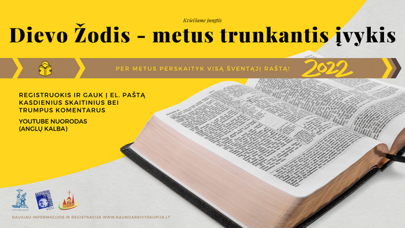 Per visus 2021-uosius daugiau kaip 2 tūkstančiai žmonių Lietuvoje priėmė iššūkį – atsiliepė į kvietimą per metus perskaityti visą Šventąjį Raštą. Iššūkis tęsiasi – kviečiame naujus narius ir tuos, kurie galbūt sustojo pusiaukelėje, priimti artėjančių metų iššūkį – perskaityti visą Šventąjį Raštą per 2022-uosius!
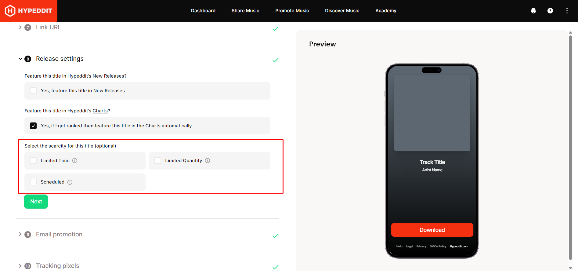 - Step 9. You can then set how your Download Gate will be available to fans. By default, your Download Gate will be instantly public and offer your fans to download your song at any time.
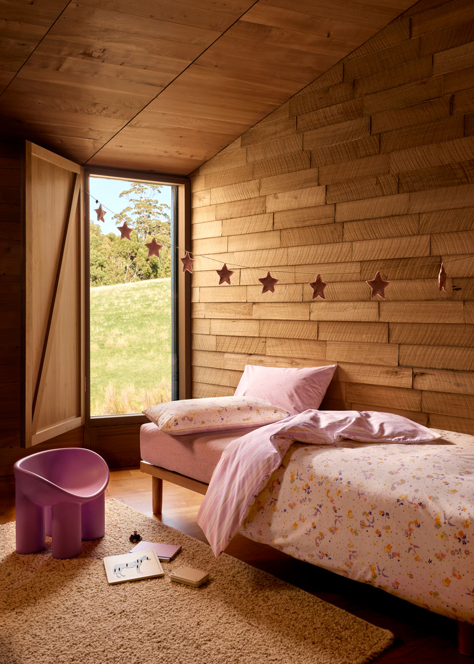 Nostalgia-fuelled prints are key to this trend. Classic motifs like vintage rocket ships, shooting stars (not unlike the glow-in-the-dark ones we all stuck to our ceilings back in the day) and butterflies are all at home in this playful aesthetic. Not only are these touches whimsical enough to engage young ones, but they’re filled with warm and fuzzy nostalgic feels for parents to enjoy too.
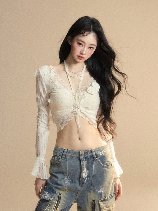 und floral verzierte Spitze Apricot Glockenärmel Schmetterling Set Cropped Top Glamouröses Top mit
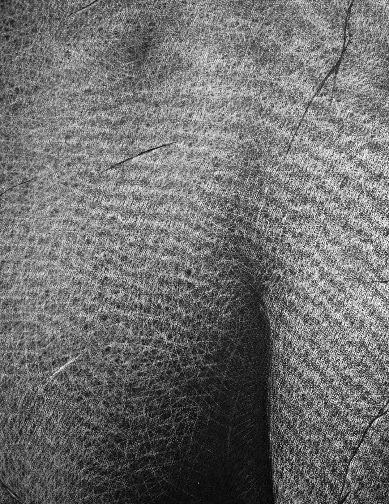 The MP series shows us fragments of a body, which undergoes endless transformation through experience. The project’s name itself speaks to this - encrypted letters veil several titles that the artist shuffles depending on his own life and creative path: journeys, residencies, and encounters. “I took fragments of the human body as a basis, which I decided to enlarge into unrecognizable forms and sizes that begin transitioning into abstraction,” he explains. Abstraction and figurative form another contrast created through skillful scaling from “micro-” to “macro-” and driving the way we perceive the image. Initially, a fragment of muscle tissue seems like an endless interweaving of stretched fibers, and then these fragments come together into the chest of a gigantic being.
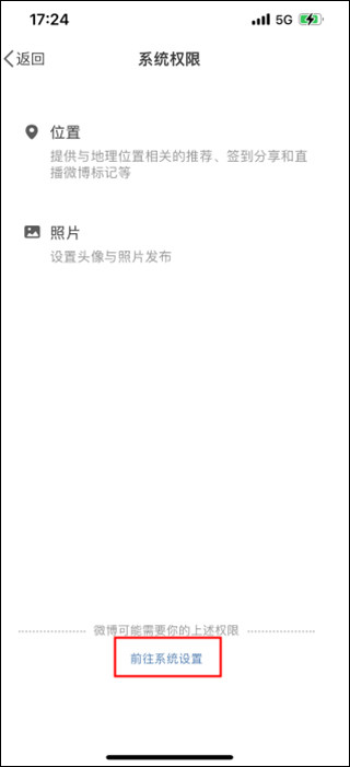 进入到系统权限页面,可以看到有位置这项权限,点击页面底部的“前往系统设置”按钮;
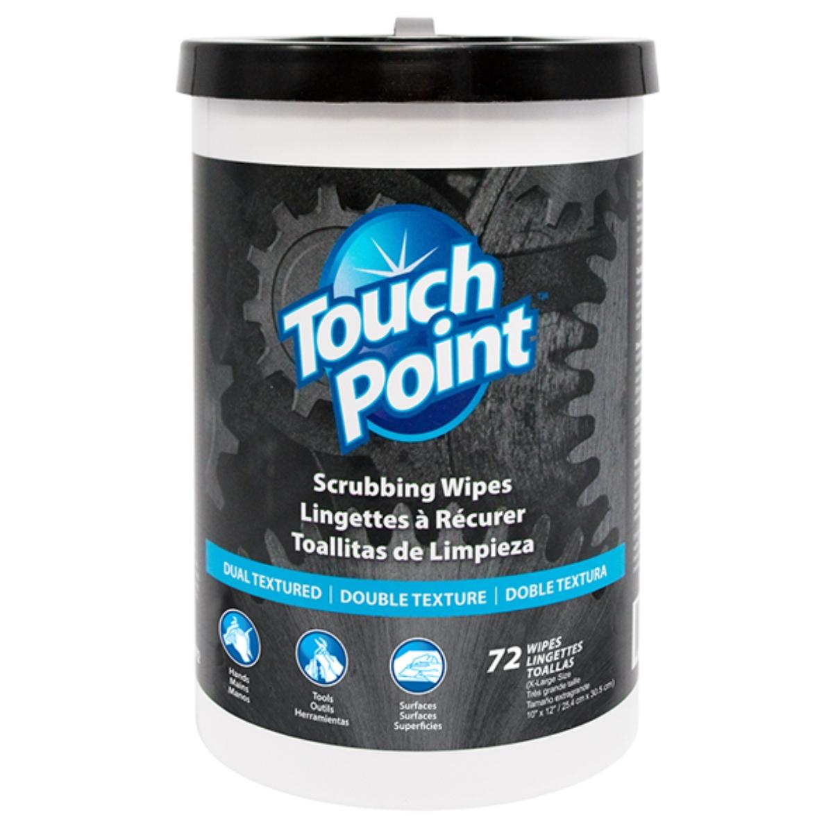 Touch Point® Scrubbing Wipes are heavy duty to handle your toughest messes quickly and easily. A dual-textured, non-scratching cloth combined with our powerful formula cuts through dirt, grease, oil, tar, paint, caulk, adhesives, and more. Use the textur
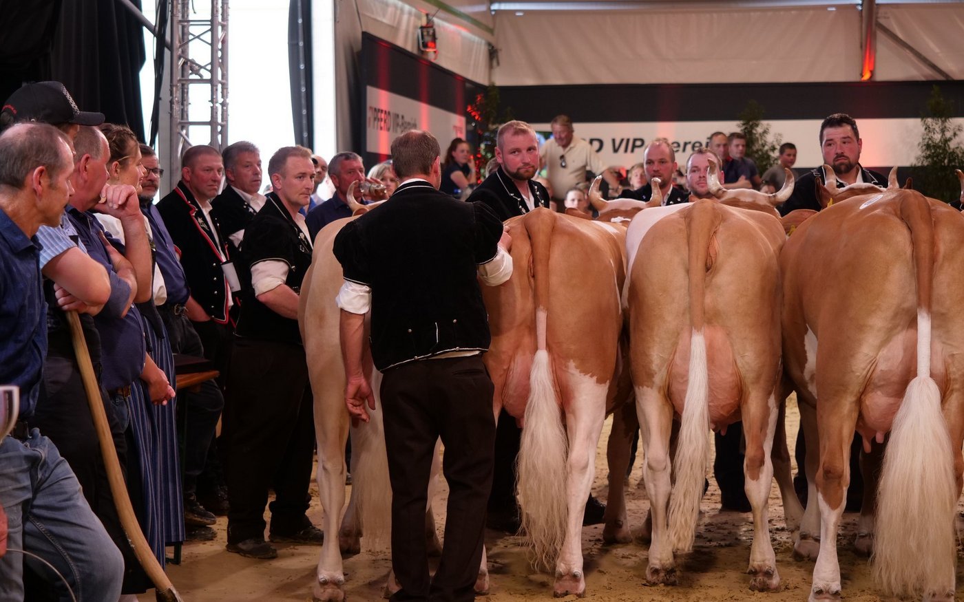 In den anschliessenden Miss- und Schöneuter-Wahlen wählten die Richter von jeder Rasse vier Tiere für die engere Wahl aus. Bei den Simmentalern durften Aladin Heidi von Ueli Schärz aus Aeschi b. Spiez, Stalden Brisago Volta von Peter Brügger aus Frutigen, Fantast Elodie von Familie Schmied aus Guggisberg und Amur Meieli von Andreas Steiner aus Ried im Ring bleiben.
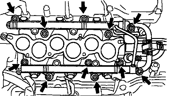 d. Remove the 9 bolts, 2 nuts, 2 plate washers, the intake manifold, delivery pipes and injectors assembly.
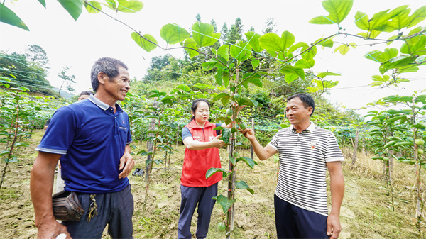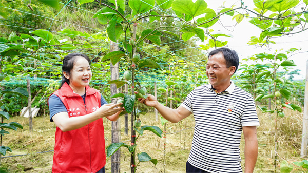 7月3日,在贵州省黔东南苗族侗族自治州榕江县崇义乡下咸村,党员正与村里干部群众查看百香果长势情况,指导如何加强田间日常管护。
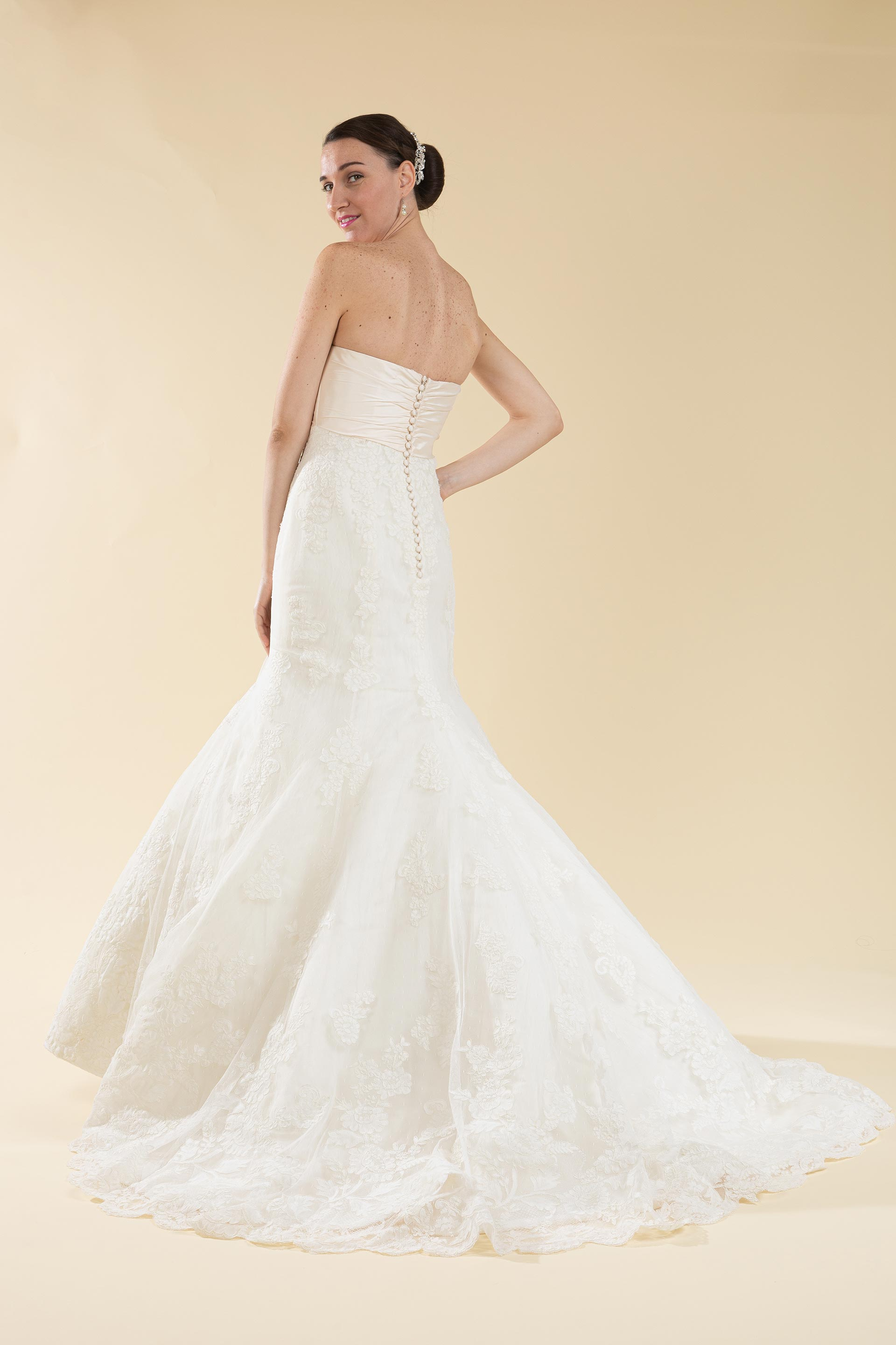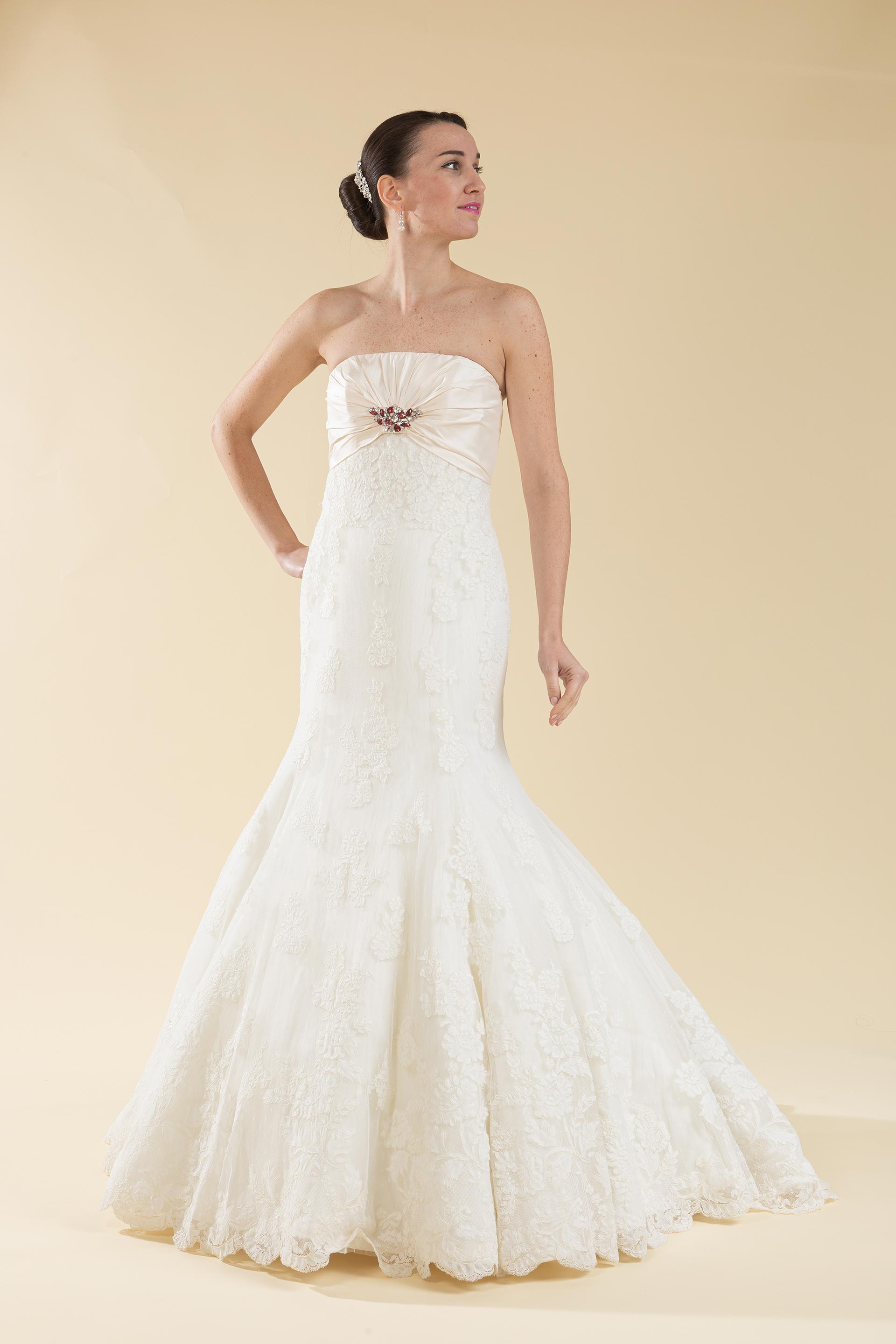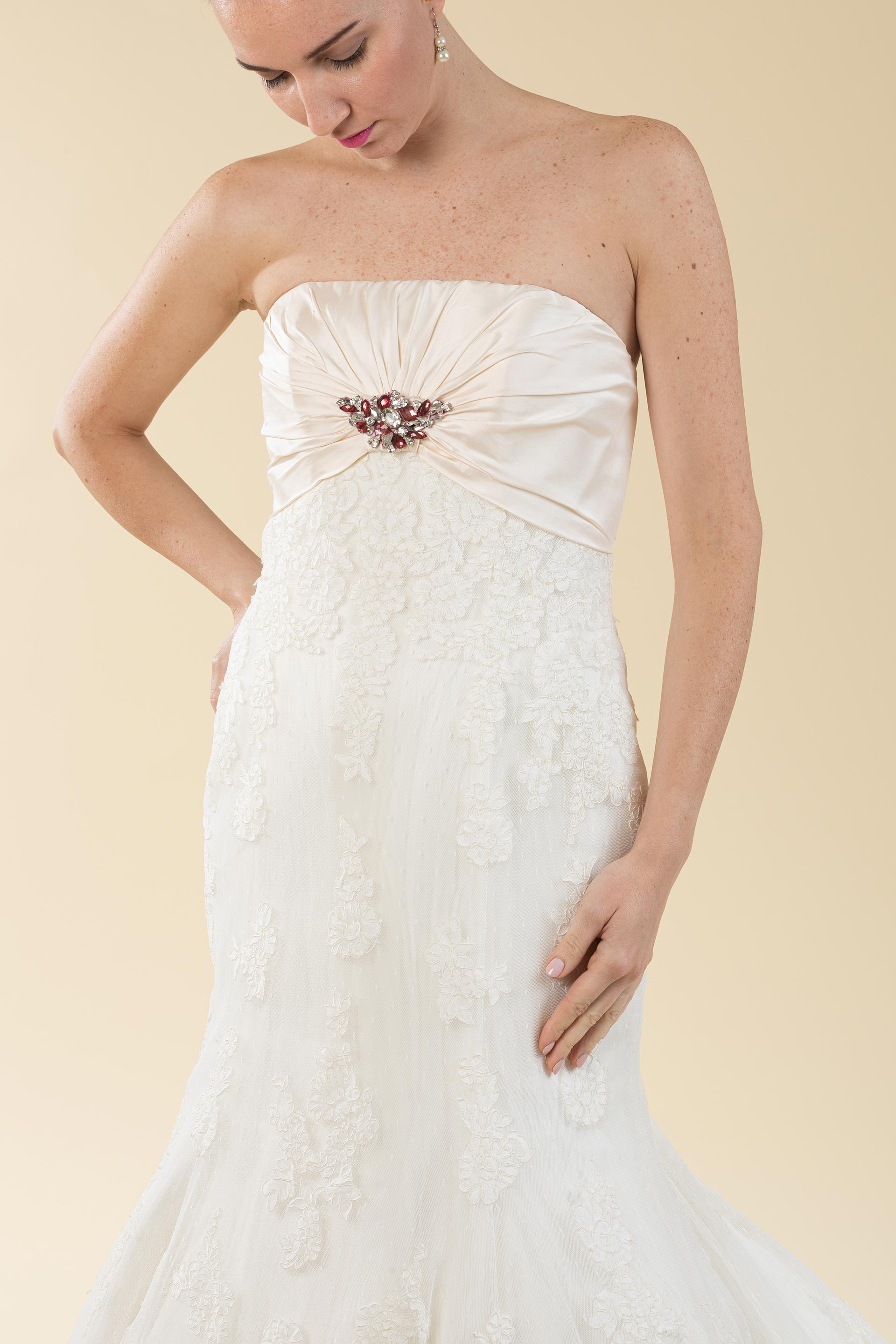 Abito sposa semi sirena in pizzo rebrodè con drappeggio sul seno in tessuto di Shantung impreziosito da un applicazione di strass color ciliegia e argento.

**Task details:** Set the lines above down again, word for word, from the first through the one containing "进入到系统权限页面,可以看到"; pictures excluded.

**Solution to the exercise:**
 Per visus 2021-uosius daugiau kaip 2 tūkstančiai žmonių Lietuvoje priėmė iššūkį – atsiliepė į kvietimą per metus perskaityti visą Šventąjį Raštą. Iššūkis tęsiasi – kviečiame naujus narius ir tuos, kurie galbūt sustojo pusiaukelėje, priimti artėjančių metų iššūkį – perskaityti visą Šventąjį Raštą per 2022-uosius!
 - Step 9. You can then set how your Download Gate will be available to fans. By default, your Download Gate will be instantly public and offer your fans to download your song at any time.
 Nostalgia-fuelled prints are key to this trend. Classic motifs like vintage rocket ships, shooting stars (not unlike the glow-in-the-dark ones we all stuck to our ceilings back in the day) and butterflies are all at home in this playful aesthetic. Not only are these touches whimsical enough to engage young ones, but they’re filled with warm and fuzzy nostalgic feels for parents to enjoy too.
 und floral verzierte Spitze Apricot Glockenärmel Schmetterling Set Cropped Top Glamouröses Top mit
 The MP series shows us fragments of a body, which undergoes endless transformation through experience. The project’s name itself speaks to this - encrypted letters veil several titles that the artist shuffles depending on his own life and creative path: journeys, residencies, and encounters. “I took fragments of the human body as a basis, which I decided to enlarge into unrecognizable forms and sizes that begin transitioning into abstraction,” he explains. Abstraction and figurative form another contrast created through skillful scaling from “micro-” to “macro-” and driving the way we perceive the image. Initially, a fragment of muscle tissue seems like an endless interweaving of stretched fibers, and then these fragments come together into the chest of a gigantic being.
 进入到系统权限页面,可以看到有位置这项权限,点击页面底部的“前往系统设置”按钮;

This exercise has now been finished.